§ **Activity**
No pictures, please. Output the lines from the start of the data through the line that contains "Illustration of growing", both included, exactly as they stand.

§ **Exercise input**
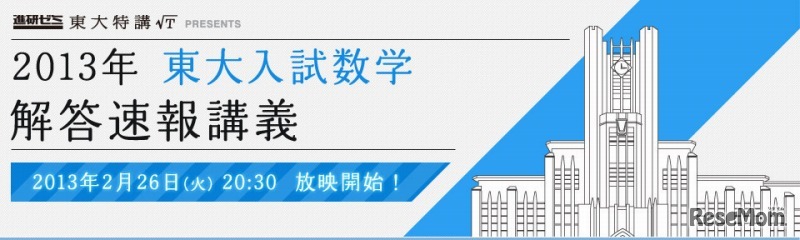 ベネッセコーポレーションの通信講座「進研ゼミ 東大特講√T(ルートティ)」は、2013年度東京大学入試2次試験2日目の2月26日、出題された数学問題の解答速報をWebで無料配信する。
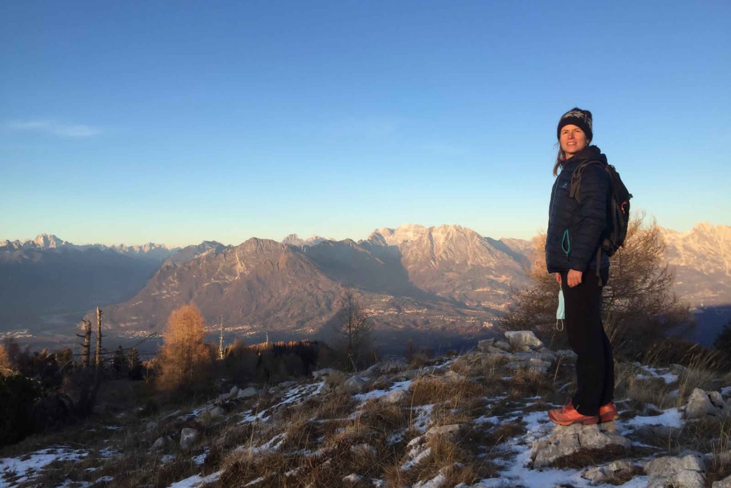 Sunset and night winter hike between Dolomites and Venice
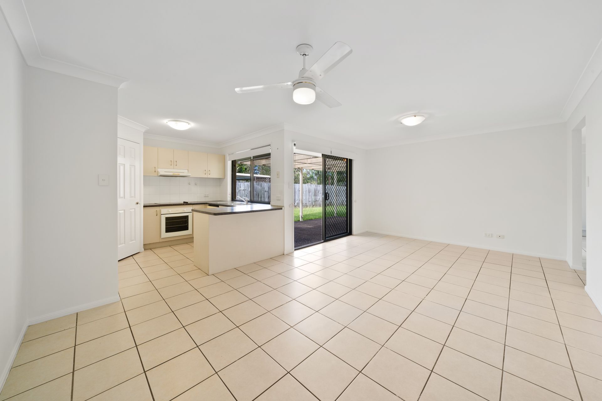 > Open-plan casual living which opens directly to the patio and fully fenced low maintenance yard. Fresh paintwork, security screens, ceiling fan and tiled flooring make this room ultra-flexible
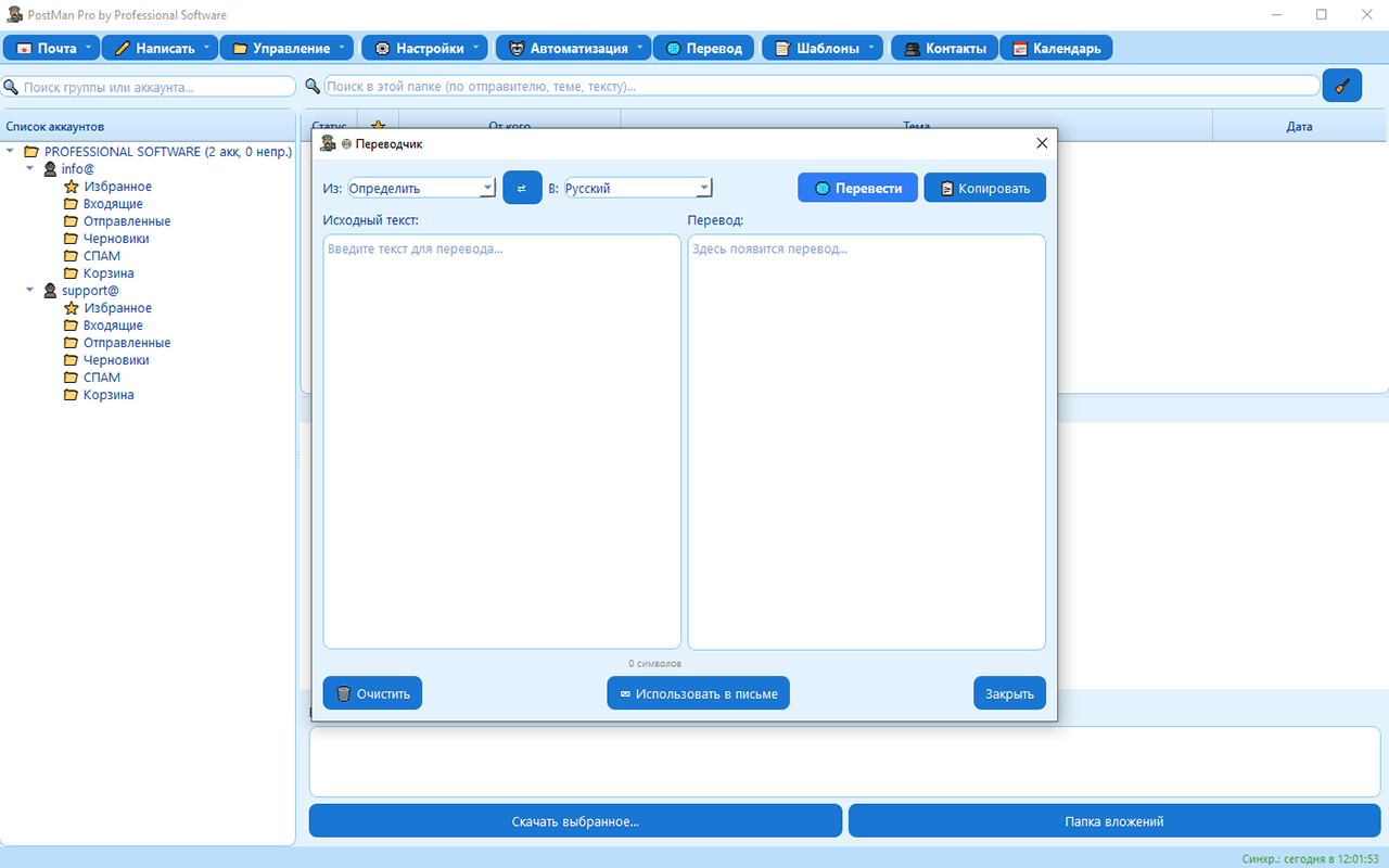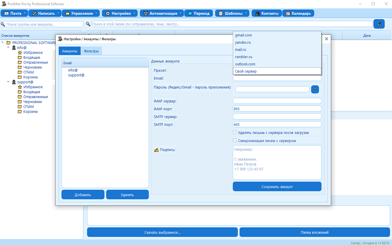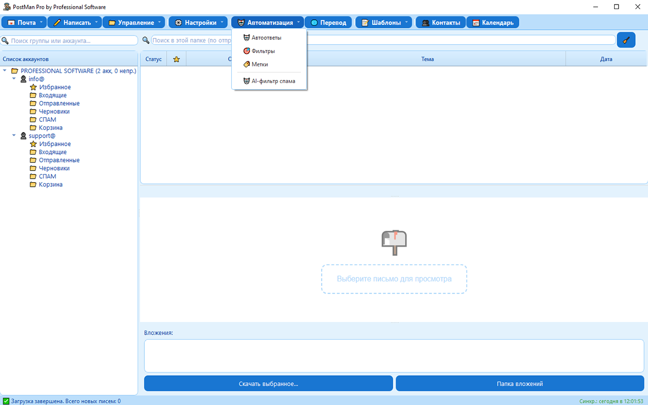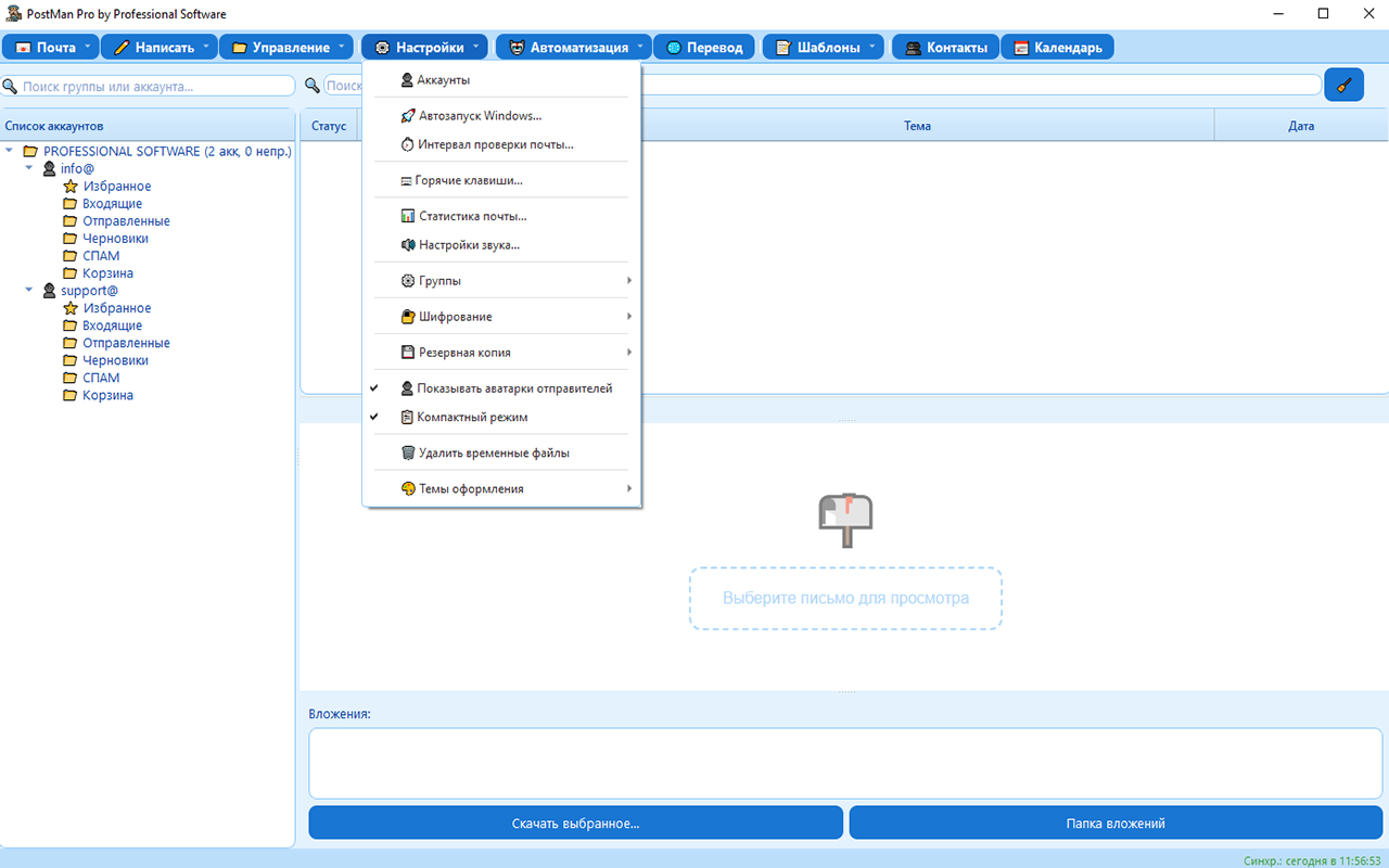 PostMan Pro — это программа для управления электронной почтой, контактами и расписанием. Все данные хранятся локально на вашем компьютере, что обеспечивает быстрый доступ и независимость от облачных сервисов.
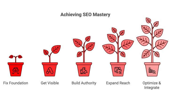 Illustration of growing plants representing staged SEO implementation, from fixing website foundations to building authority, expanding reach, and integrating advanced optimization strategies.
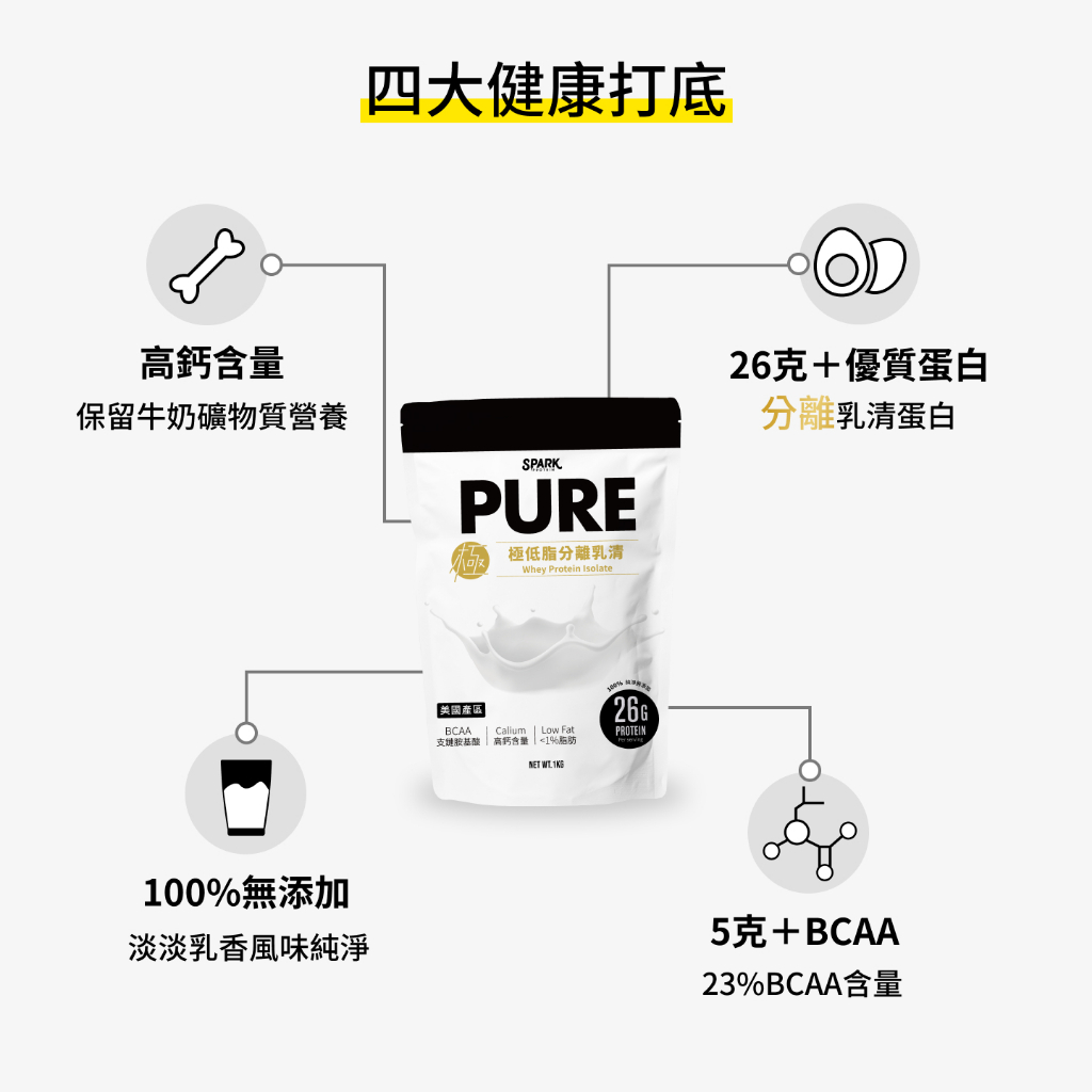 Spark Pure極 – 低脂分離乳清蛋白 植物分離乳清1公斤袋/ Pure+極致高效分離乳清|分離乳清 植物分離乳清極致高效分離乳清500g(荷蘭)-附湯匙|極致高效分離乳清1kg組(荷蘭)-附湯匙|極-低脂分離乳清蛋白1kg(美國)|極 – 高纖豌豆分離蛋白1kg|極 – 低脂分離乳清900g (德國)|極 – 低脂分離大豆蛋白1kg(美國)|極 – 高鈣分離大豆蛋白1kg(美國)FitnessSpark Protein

§ **Worked solution**
 ベネッセコーポレーションの通信講座「進研ゼミ 東大特講√T(ルートティ)」は、2013年度東京大学入試2次試験2日目の2月26日、出題された数学問題の解答速報をWebで無料配信する。
 Sunset and night winter hike between Dolomites and Venice
 > Open-plan casual living which opens directly to the patio and fully fenced low maintenance yard. Fresh paintwork, security screens, ceiling fan and tiled flooring make this room ultra-flexible
 PostMan Pro — это программа для управления электронной почтой, контактами и расписанием. Все данные хранятся локально на вашем компьютере, что обеспечивает быстрый доступ и независимость от облачных сервисов.
 Illustration of growing plants representing staged SEO implementation, from fixing website foundations to building authority, expanding reach, and integrating advanced optimization strategies.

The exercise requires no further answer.